Pour se soigner, prévenir…
Pour les personnes qui se savent sujettes à la dépression saisonnière, le mieux est encore de tout faire pour éviter l’apparition des symptômes. "L’idée, si on le peut évidemment, c’est de recadrer son rythme de vie pour faire en sorte d’avoir plus de lumière dans la journée. Ça peut être se lever plus tôt, aller en marchant au travail, se mettre dès que possible à la lumière. En fait, faire le maximum pour augmenter l’exposition à l’ensoleillement", explique Eric Charles. Les activités physiques d’extérieur, les promenades, le sport, sont autant de moyens d’essayer de prévenir la maladie.

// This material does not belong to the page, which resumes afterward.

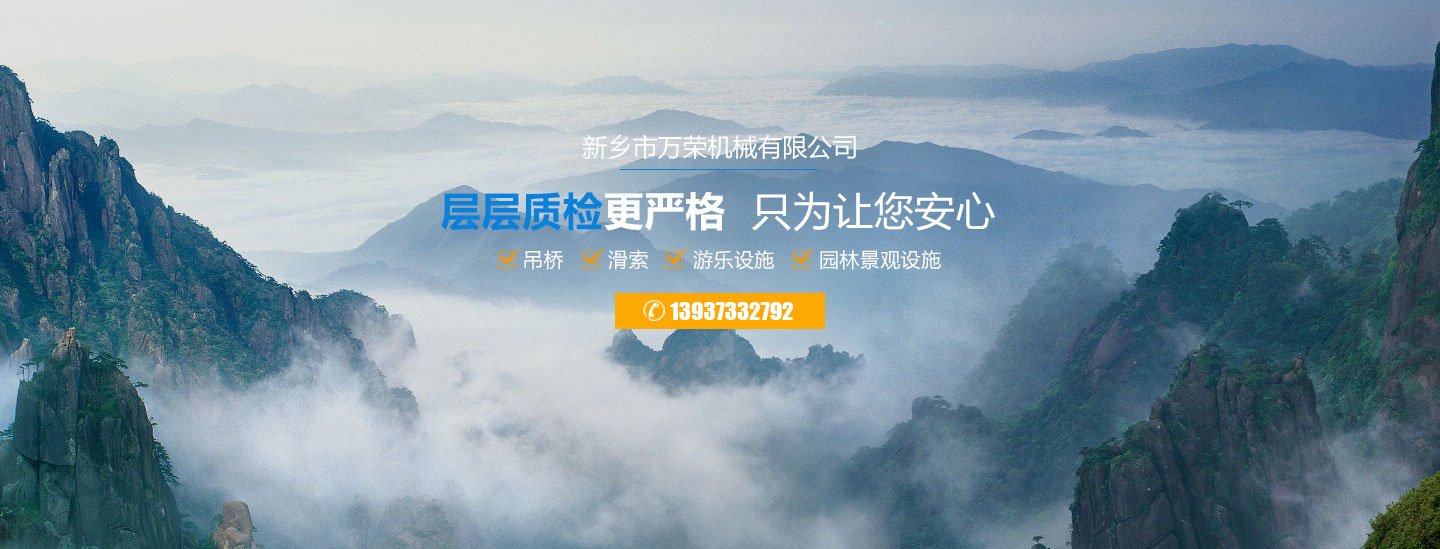 歡迎進入新鄉市萬榮機械有限公司官網!關鍵詞:玻璃水滑廠家,吊橋廠家, 景區吊橋價格, 滑索廠家, 游樂吊橋廠家, 玻璃吊橋, 防腐木吊橋廠商 ,景區吊橋, 滑索設備, 吊橋生產廠家, 吊橋多少錢, 木板吊橋, 吊橋施工廠家

"On conseille même ceux qui le peuvent de partir une semaine ou deux, dans des régions plus ensoleillées", affirme le psychiatre. Il existe en effet un vrai rapport entre la latitude et la prévalence et de la maladie. En clair, les Lillois sont statistiquement plus sujets au TAS que les Marseillais.
…ou guérir, grâce à la luminothérapie
"Par contre, quand la maladie est déclarée, on est obligé de la traiter", assure Eric Charles. Et pour le coup, il existe un traitement indolore et efficace. "Pendant longtemps, on l’a fait par le biais d’antidépresseurs, mais de plus en plus, la luminothérapie s’impose", explique le psychiatre. Il faut dire qu’elle est nettement moins coûteuse et plus efficace. "Là où on prescrit un traitement de six mois pour des médicaments, une cure de lumière de deux semaines peut largement suffire pour sortir du TAS."
La luminothérapie consiste à s’exposer quotidiennement, le matin principalement, pendant au moins trente minutes, à une forte intensité lumineuse, de l’ordre de 10.000 lux. A titre de comparaison, les ampoules qui se trouvent chez tout un chacun n’excèdent pas quelques centaines de lux. Il convient donc de fréquenter des lieux équipés, voire de s’équiper soi-même." Les lampes de luminothérapie sont devenues aujourd’hui nettement plus abordables", assure Eric Charles.
Peut-on être victime d’un TAS sans le savoir ?
La maladie est encore largement méconnue en France. Selon les études, la prévalence du TAS oscille entre 0,4% et 10% de la population touchée, à des degrés divers. Une chose est sûre : "la maladie est très largement sous-diagnostiquée", regrette le psychiatre Eric Charles. "On a longtemps pu penser que c’était la norme, qu’on allait moins bien en automne et en hiver, que c’était comme ça. Mais il peut y avoir des épisodes sévères. C’est pour ça qu’on essaye d’informer, pour que la maladie soit plus connue", insiste le médecin.